* **Work instruction**
Once you find the line with "2025新款气质时尚百搭短款西服女春季洋气V领西装外套女短款潮" in the data that follows, repeat it and every line after it exactly, through the line with "مدیرکل انتقال خون استان،".

* **Information provided**
- Opening Delimiter -
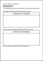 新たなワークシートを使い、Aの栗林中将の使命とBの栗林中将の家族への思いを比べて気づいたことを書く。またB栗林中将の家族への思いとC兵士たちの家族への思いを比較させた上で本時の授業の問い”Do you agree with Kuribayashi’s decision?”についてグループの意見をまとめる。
- Closing Delimiter -
- Opening Delimiter -
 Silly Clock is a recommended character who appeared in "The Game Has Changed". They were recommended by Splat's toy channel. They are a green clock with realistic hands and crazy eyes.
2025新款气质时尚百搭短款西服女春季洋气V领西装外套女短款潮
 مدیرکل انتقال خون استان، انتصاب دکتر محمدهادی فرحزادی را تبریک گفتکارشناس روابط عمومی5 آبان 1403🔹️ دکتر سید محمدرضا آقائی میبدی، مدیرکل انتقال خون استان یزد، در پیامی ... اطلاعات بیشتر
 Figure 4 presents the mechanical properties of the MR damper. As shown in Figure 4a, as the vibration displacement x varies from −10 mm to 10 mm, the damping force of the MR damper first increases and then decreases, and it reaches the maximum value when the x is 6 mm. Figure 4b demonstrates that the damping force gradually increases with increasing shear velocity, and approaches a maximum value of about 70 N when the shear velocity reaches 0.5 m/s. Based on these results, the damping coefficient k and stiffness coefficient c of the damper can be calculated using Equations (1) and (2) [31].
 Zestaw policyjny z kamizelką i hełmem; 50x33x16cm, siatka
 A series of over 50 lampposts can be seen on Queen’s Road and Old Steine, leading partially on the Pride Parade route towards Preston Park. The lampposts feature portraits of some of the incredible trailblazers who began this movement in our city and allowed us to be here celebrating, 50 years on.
- Closing Delimiter -
- Opening Delimiter -
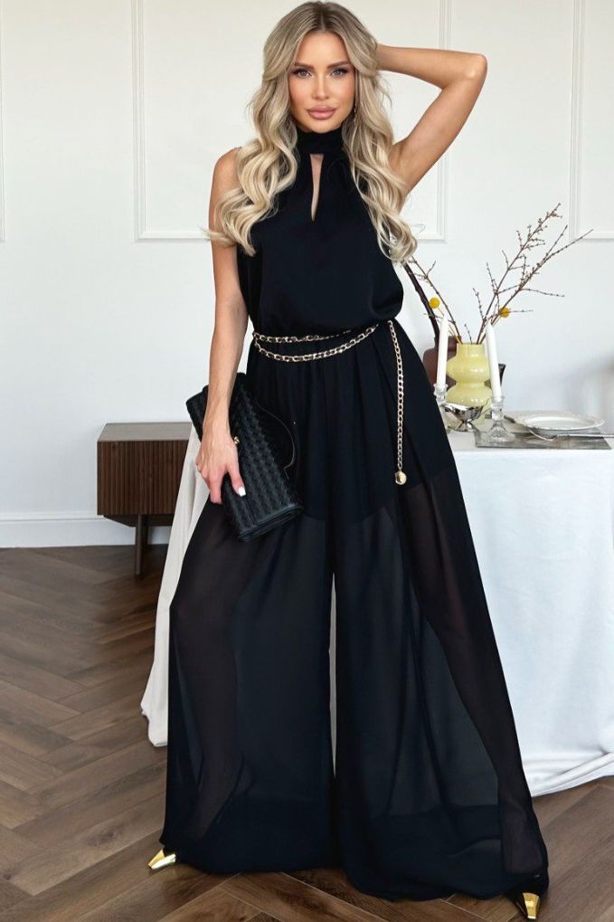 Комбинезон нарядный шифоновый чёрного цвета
- Closing Delimiter -
* **Exercise result**
2025新款气质时尚百搭短款西服女春季洋气V领西装外套女短款潮
 مدیرکل انتقال خون استان، انتصاب دکتر محمدهادی فرحزادی را تبریک گفتکارشناس روابط عمومی5 آبان 1403🔹️ دکتر سید محمدرضا آقائی میبدی، مدیرکل انتقال خون استان یزد، در پیامی ... اطلاعات بیشتر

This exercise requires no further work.